Incorporating intra-particle temperature gradient in DPM modeling of biomass fast pyrolysis

Qingang Xiong, Sreekanth Pannala, Stuart C. Daw

Oak Ridge National Laboratory, Oak Ridge, Tennessee 37831, USA

Emails: xiongq@ornl.gov (Q. Xiong), pannalas@gmail.com (S. Pannala), dawcs@ornl.gov (S. C. Daw)

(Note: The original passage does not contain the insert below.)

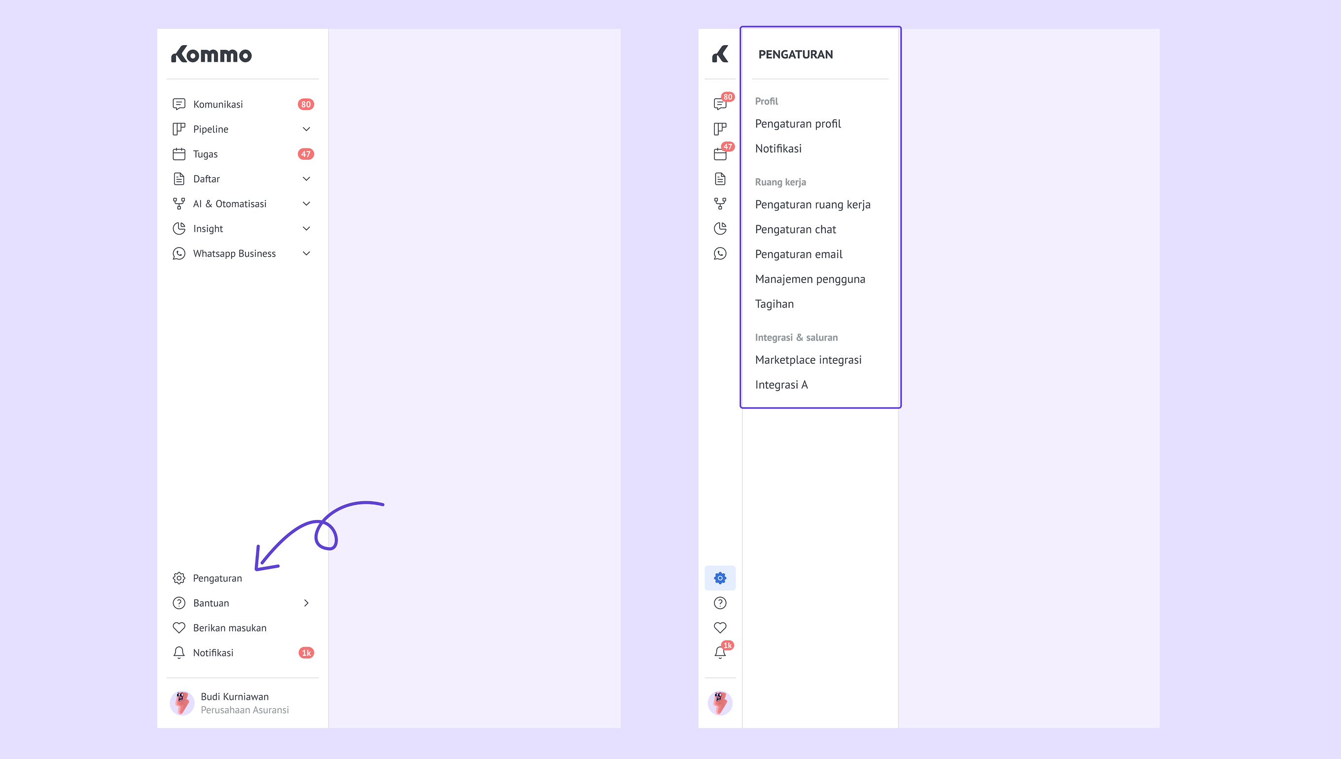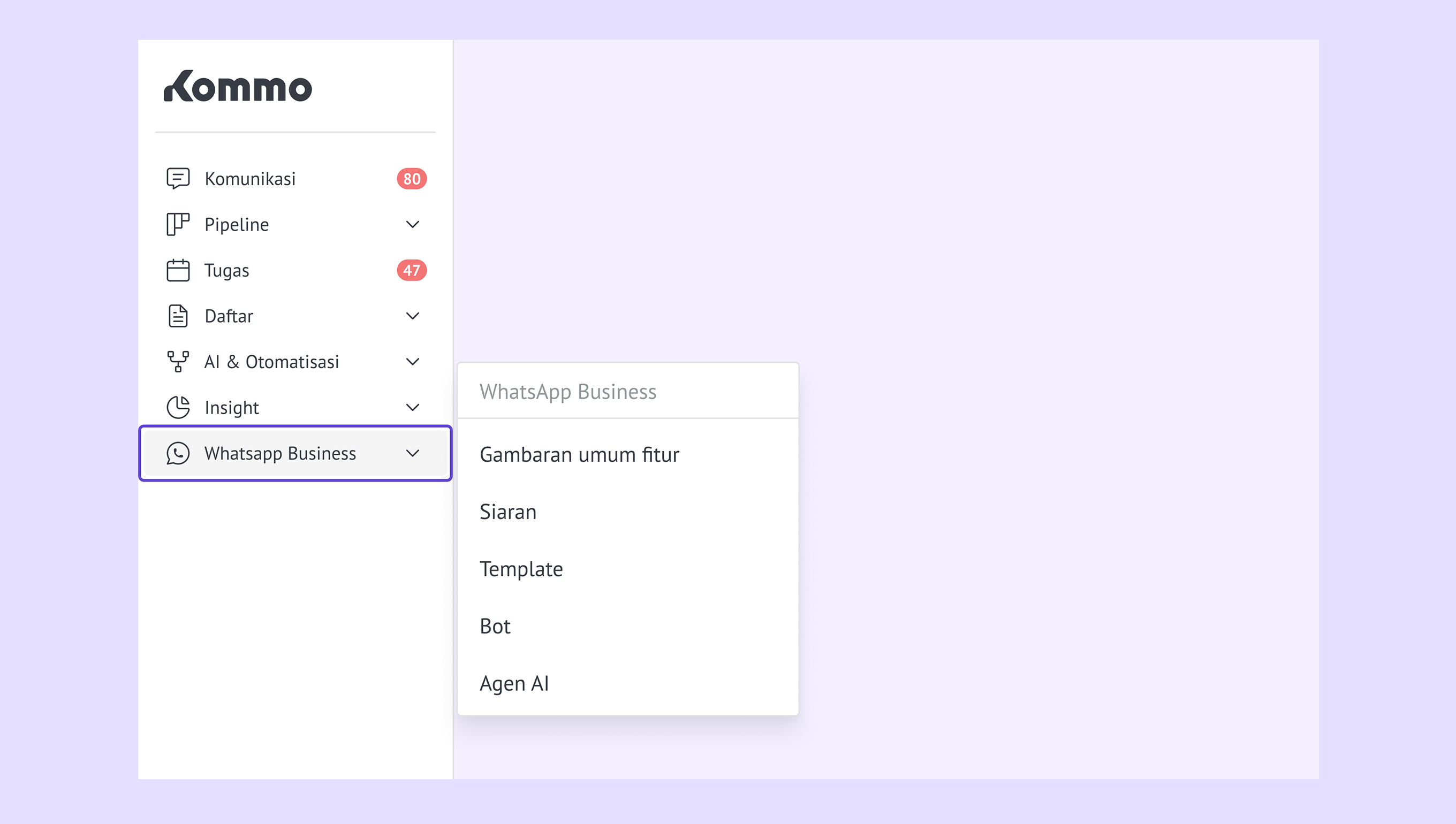 Kenalan dengan menu kiri baru Kommo
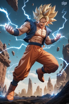 super saiyan, 1boy, male focus, blonde hair, solo, open mouth, aura, son goku, super saiyan 1, electricity, spiked hair, dougi, boots, full body, wristband, watermark, muscular, son gohan,

Abstract Numerical simulation plays a vital role in the development of advanced technologies for biomass fast pyrolysis. Because of its relatively low thermal conductivity, biomass particles are always thermally thick and the effects of intra-particle temperature gradient on the overall reactor performance need to be considered. In this study, intra-particle temperature distribution was modeled and incorporated into the discrete particle simulation (DPM) for modeling biomass fast pyrolysis in fluidized-bed reactor. Each biomass particle was tracked individually and the inter-particle interactions were resolved directly via the soft-sphere collision model. A global multi-component multi-step kinetics was employed to model the biomass fast pyrolysis reactions. To consider the temperature gradient inside biomass, a mathematical distribution of intra-particle temperature which was developed from single-particle models was assigned to each biomass particle depending on its conversion history. With the assigned intra-particle temperature information, the pyrolysis reaction rates were obtained semi-analytically. The incorporation of the intra-particle temperature distribution into DPM was carried out in the open-source MFIX-DEM code. A small fluidized bed reactor consisting of several thousand biomass particles was simulated. The results were compared with those from the DPM simulation without consideration of the intra-particle temperature gradient. In the future work, sand particles will be included and parallel computing will be launched to simulate a laboratory-scale bubbling fluidized-bed reactor for experimental validation.